_EXTRACTED INFORMATION_:

********************

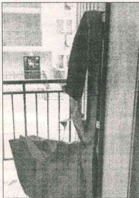
Так выглядят двери на ул. Янгеля после «забав» вандалов...

двери, так как вандалы выломали еще несколько дверей. Надо сказать, что замена дверей, особенно в общежитиях и новостройках – это большая статья расходов наших управляющих компаний и ответственных плательщиков. А потому обращаемся к жителям всех домов, а особенно – общежитий, с просьбой бережно относиться к общедомовому имуществу, не допускать его порчи и поломок.
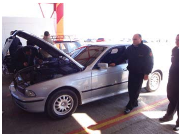
...praktika ja veelkord praktika
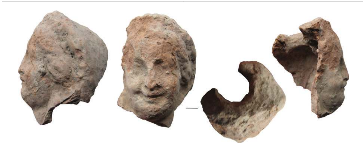
Рис. 5. Фрагмент погруддя-фіміатерія Афродіти (О-55/2155), розкопки О. І. Леві, О. М. Карасьова, Східний Теменос. НФ ІА НАНУ
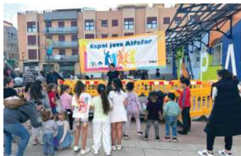
Obertura del centre

La mesura no sols alleujarà la càrrega econòmica de moltes famílies, sinó que també enfortirà el teixit social del municipi, promovent la solidaritat i la col·laboració en temps difícils.
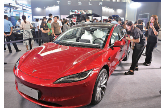
▲去年9月7日，民眾在石家莊一次展會上參觀外企特斯拉的展區。
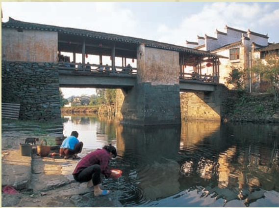
思溪橋下的常民生活
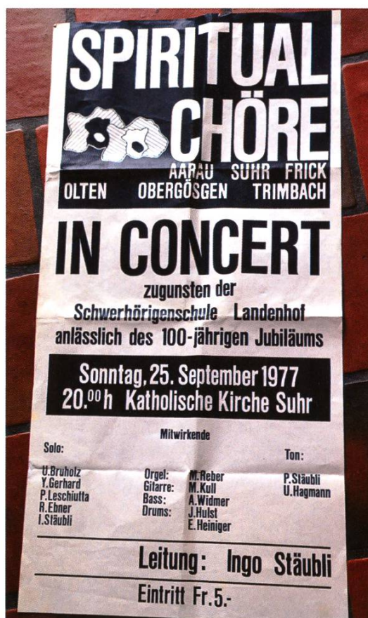
Ein Plakat aus früheren Zeiten.
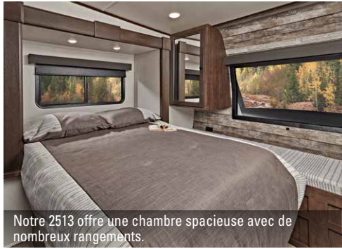
Notre 2513 offre une chambre spacieuse avec de nombreux rangements.
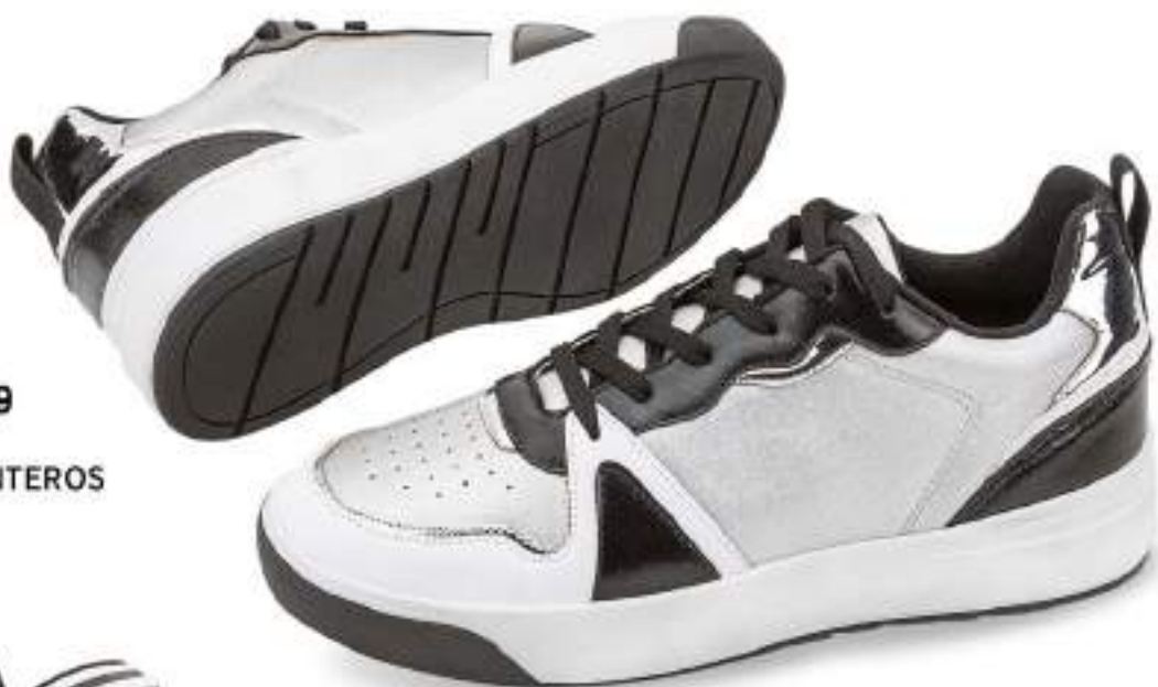
032 339 PLATA | 25-29 ENTEROS
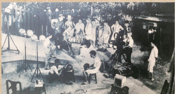
1935年1月20日,电通公司开拍《风云儿女》电影

********************

_TASK TO CARRY OUT_: In the reply, give again exactly the lines from the beginning of the entries above through the line with "Obertura del centre"; pictures stay out.

_SOLUTION FOR THIS PROBLEM_:
Так выглядят двери на ул. Янгеля после «забав» вандалов...

двери, так как вандалы выломали еще несколько дверей. Надо сказать, что замена дверей, особенно в общежитиях и новостройках – это большая статья расходов наших управляющих компаний и ответственных плательщиков. А потому обращаемся к жителям всех домов, а особенно – общежитий, с просьбой бережно относиться к общедомовому имуществу, не допускать его порчи и поломок.
...praktika ja veelkord praktika
Рис. 5. Фрагмент погруддя-фіміатерія Афродіти (О-55/2155), розкопки О. І. Леві, О. М. Карасьова, Східний Теменос. НФ ІА НАНУ
Obertura del centre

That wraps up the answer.